Posted By USFN, Tuesday, August 1, 2017
Updated: Monday, August 14, 2017

August 1, 2017



by Adrienne Roach
Bendett & McHugh, P.C.
USFN Member (Connecticut, Maine, Vermont)

During the 2017 Connecticut Legislative Session, several bills were proposed, passed, and codified in the Connecticut General Statutes (C.G.S.) that will impact landlord/tenant law in foreclosed properties as of October 1, 2017.

Rent Collection by Former Owner — Public Act 17-26 amends section 53a-128 of the C.G.S. to make a non-owner of real property, who collects rent, subject to criminal penalties: “Any previous mortgagor of real property against whom a final judgment of foreclosure has been entered, who continues to collect rental payments on such property after passage of such mortgagor’s law day, and who has no legal right to do so, shall be subject to the penalties for larceny under sections 53a-122 to 53a-125b, inclusive, of the general statutes depending on the amount involved.” The crimes range from larceny in the first degree (a Class B felony punishable by a term of no greater than twenty years) to larceny in the sixth degree (a Class C misdemeanor punishable by a term not to exceed three months) depending upon the dollar amount in question.

The only remedy previously available was for the occupant to file an action in small claims court to recover the sums paid to the former owner after title vested, because the former owner had no legal right to collect those funds. As of October, the former mortgagor’s conduct will become a criminal offense, and need only be reported to the authorities rather than prosecuted in a separate civil action.

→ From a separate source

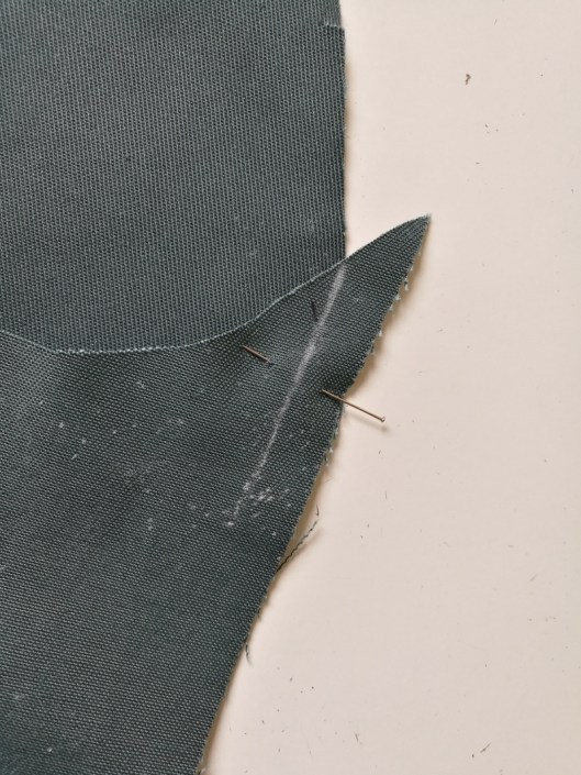 Vous avez coupé vos pièces avec des marges de couture (ici 1 cm), ce qui forme des angles pointus pour le dessous de manche :

Security Deposits — Public Act 17-236 modifies the existing security deposit statute, C.G.S. section 47a-21, to restrict security deposits for tenants sixty-two years of age or older to no greater than one month’s rent. The statute further requires that when a tenant reaches the age of sixty-two, his or her landlord must return to the tenant the amount of the security deposit that exceeds one month’s rent upon the tenant’s request.

Death of a Tenant — Public Act 17-22 modifies section 47a-11d of the summary process statutes, which deals with the death of a tenant. The new rule requires that the landlord notify both the next of kin (as required previously) as well as the occupant’s designated emergency contact by both regular and certified mail that the occupant has died and the landlord intends to remove any personal property.

The notice must instruct its recipient to immediately contact the landlord or probate court for information as to how to reclaim the property. [If the landlord does not know the next of kin, or no emergency contact is designated by the occupant, the landlord shall file an affidavit with the probate court in accordance with the terms of the statute.]

If property is not reclaimed within sixty days of the date of the notice, property may be disposed of by obtaining a certificate from the probate court, and filing such certificate and an application in the superior court having jurisdiction over the premises (there is no filing fee). Such certificate shall be deemed a summary process judgment of the court, and execution is to be carried out in accordance with the summary process statutes. If the deceased occupant’s estate is opened in probate court within fifty-five days of the filing of the affidavit, any action of the landlord pursuant to this section shall cease.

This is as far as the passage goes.